O Rusi i Rusinach/I

Z Wikiźródeł, wolnej biblioteki
<<< Dane tekstu >>>
Autor Stanisław Tarnowski
Tytuł O Rusi i Rusinach
Wydawca Księgarnia Spółki Wydawniczej Polskiej
Data wyd. 1891
Druk Drukarnia «CZASU» Fr. Kluczyckiego i Sp.
Miejsce wyd. Kraków
Źródło Skany na Commons
Inne Cały tekst
Pobierz jako: EPUB  • PDF  • MOBI 
Indeks stron


I.
Ruś za najdawniejszych czasów.

Rusini mieszkają na ogromnej przestrzeni ziemią która od Sanu i Bugu rozlega się aż do Dniepru i dalej, a od gór Karpackich i od stepów idących ku Czarnemu Morzu, dochodzi na północ aż do rzeki Dżwiny i Inflanckiej ziemi. Na tej wielkiej przestrzeni leży Ruś Czerwona, dziś nazywana Galicyą Wschodnią, a pod rządem rosyjskim część Królestwa Polskiego (Chełm i Podlasie), Wołyń, Podole, Ukraina, Polesie i Białoruś czyli wschodnia część Litwy. Litwa właściwa także w większej połowie zamieszkała jest przez Rusinów.
Język ich jest jakoby pośredni pomiędzy polskim a rosyjskim, do obu podobny, a od obu różny. O ziemie te toczyły się walki między Polską a Rosyą przez całe wieki.
Wiarę Chrześcijańską przynieśli Rusinom pierwsi święci apostołowie Cyryli i Metody, Grecy z pochodzenia, a przez Papieża z Rzymu na nawracanie Słowian posłani. W katolickiej też wierze byli Rusini ochrzczeni; tylko na to żeby łatwiej do tej nowej wiary przystali, pozwolił Papież, iżby Msza Św. i inne obrzędy odprawiały się nie w łacińskim, ale w słowiańskim języku. Ztąd początek osobnego obrządku Rusinów. Działo się to w dziewięćset prawie lat po Narodzeniu Chrystusa Pana.
Ale wiara katolicka zaszczepiona w niektórych stronach Rusi, nie zdołała utrzymać się długo. Panował nieco później nad tą wielką Rusią potężny książę Włodzimierz, Wielkim nazwany: stolicę swoją miał w Kijowie.
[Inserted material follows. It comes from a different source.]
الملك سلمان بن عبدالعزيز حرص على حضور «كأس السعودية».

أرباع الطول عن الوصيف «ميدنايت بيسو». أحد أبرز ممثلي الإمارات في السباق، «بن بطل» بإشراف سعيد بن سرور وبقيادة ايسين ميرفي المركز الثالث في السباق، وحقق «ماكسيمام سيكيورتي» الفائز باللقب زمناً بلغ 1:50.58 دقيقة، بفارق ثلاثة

Ten ożenił się z siostrą greckiego cesarza, i przyjął chrzest, i naród swój ochrzcił. Ale to cesarstwo greckie już się wtedy było od jedności Kościoła odszczepiało, i swój osobny schyzmatycki Kościół, przeciw powszechnemu zbuntowany zakładało.
Kiedy Włodzimierz chrzest przyjmował, byli ci Grecy znowu do jedności z Kościołem chwilowo wrócili, on zatem ochrzczony był w obrządku greckim, ale w wierze katolickiej. Rychło po jego śmierci wszakże oderwali się Grecy od Kościoła na dobre, i pociągnęli za sobą tych Słowian, którzy od nich chrzest św. przyjęli. Między innymi książęcia kijowskiego Jarosława. I odtąd zostali Rusini schyzmatykami, aż do czasu kiedy ich po długich wiekach Polska znowu do prawdziwej wiary nawróciła.
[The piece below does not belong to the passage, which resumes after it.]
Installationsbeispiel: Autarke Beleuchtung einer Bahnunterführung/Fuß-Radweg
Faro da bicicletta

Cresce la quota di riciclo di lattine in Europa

Za tego Włodzimierza także zaszły pierwsze zatargi pomiędzy Polską a Rusią. Najstarszy dziejopis ruski, kijowski Mnich Nestor, opowiada w swojej księdze, że Włodzimierz „wyprawił się na Lachów i zajął grody ich, Przemyśl, Czerwień i inne“. Z tego się pokazuje, że za tego Nestora czasów kraj później Czerwoną Rusią nazwany, należał do Lachów (Polaków) i przez Rusinów samych za polski był uważany. Nasz król Bolesław Chrobry pokój z Włodzimierzem trzymał, a nawet córkę swoją wydał za jego syna Swiatopełka. Ale gdy po Włodzimierza śmierci młodsi bracia tego Swiatopełka z Kijowa wygnali, Bolesław poszedł zięciowi na pomoc, Kijów zajął w roku 1018, (a na bramie jego wyszczerbił swój miecz, który potem królom polskim przy koronacyi przypasywano), Swiatopełka na tronie osadził, a zabrane „grody lackie“ napowrót odebrał, i do swego państwa przyłączył.
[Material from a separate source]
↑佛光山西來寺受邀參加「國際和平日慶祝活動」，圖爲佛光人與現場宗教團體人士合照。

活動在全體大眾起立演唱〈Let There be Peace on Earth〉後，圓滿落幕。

Kiedy po zabiciu św. Stanisława Bolesław Śmiały musiał z Polski uchodzić (rok 1079), a tu u nas panował jego brat Władysław Herman, dość niedołężny, znowu książęta ruscy odebrali nam te „Czerwieńskie grody”. Ale między sobą waśnili i bili się nieustannie, rozradzali się też licznie, a wskutku tego na coraz drobniejsze księztwa się dzielili. Z tego wynikło, że księztwo kijowskie straciło swoje znaczenie. Wzrastać zaczęło inne, daleko ku Wschodowi położone, Suzdalskie, z którego pomału wyrosła dzisiejsza Rosya. Tutaj zaś u nas, na Rusi Czerwonej podniosło się Księztwo Halickie, które przez pewien czas było znaczne, zwłaszcza odkąd się z Włodzimierskiem (na Wołyniu) pod jednym księciem złączyło. Napadało nawet na Polskę, choć jej zwierzchnictwo nad sobą było dobrowolnie uznało: ale książę Roman przez naszego Leszka Białego na głowę pobity pod Zawichostem, sam w tej bitwie poległ (rok 1205).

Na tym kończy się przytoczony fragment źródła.